Takeoff is a transition from moving along the ground (taxiing) to flying in the air. Conventional airplanes accelerate along the runway to generate enough lift for takeoff, while helicopters and VTOL aircraft such as Harrier jump jets fly vertically using thrust alone.
A safe takeoff starts with good planning and thorough inspections. Students and instructors work together to complete a pre-takeoff flow or checklist to verify the aircraft is ready for flight. If departing from a towered airport, the pilot must request a takeoff clearance from the control tower before taxiing onto the runway. Tower controllers routinely provide wind information on their clearances, so pilots must pay attention to this data when lining up for a takeoff.
During the takeoff run, the student must make sure the aircraft is aligned with the runway centerline and that both principal ASIs are indicating normal speeds at the check speed. If the pilot notices a deviation from these normal conditions, it is important to stop the airplane and determine if the deviation can be corrected prior to rotation.

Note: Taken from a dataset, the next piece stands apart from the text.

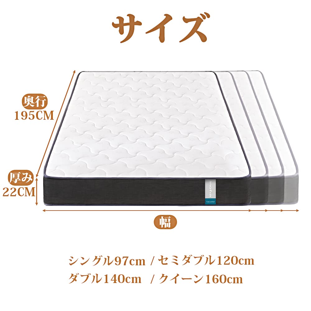 Inofia マットレス ダブル マットレス専門ブランド 高反発マットレス 極厚22CM ベッドマットレス ポケットコイル 体圧分散 通気性 圧縮梱包 高密度ウレタン 底付き感無し 防臭 持ち運び便利 寝返りサポート 腰の負担を軽減
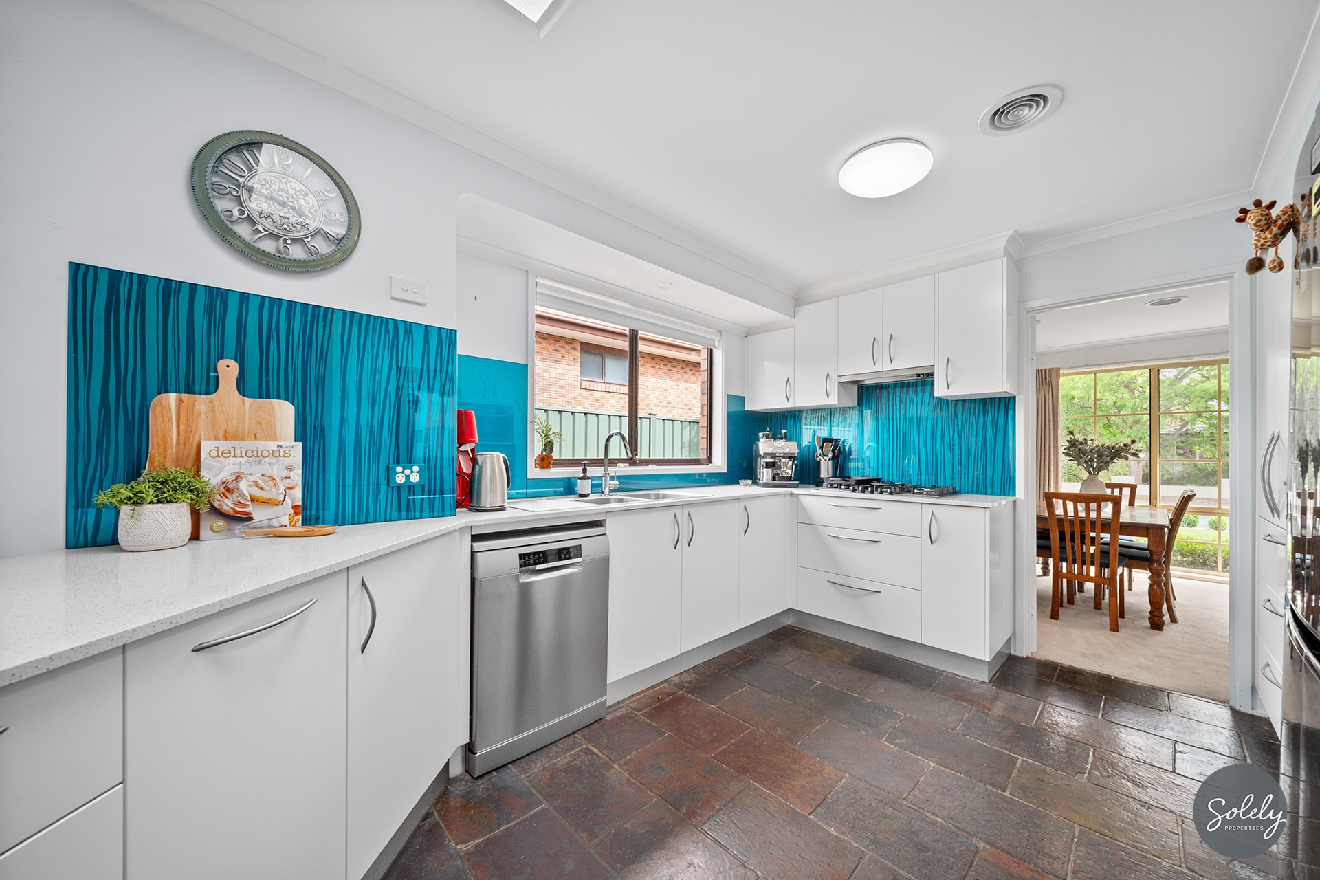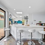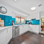 * The kitchen is both stylish and functional, featuring a 20mm Caesarstone benchtop, striking glass splashback, breakfast bar, and ample storage. Premium stainless steel appliances include a Bosch gas cooktop, a Siemens pyrolytic oven, a Qasair rangehood, and a new Bosch dishwasher

Once the aircraft has reached takeoff power, it is important to scan the engine gauges and power instruments for proper indications. This scan includes a look at the engine oil pressure to be sure it is a reasonable amount for the current conditions and a check that both the propeller blades are in takeoff position.
If the engine is not generating sufficient power to overcome gravity, it is important to reduce the throttle and rotate the aircraft into the takeoff attitude. It is helpful for a student to learn what the target pitch attitude for rotation looks like from the cockpit, and ask an instructor for a demonstration.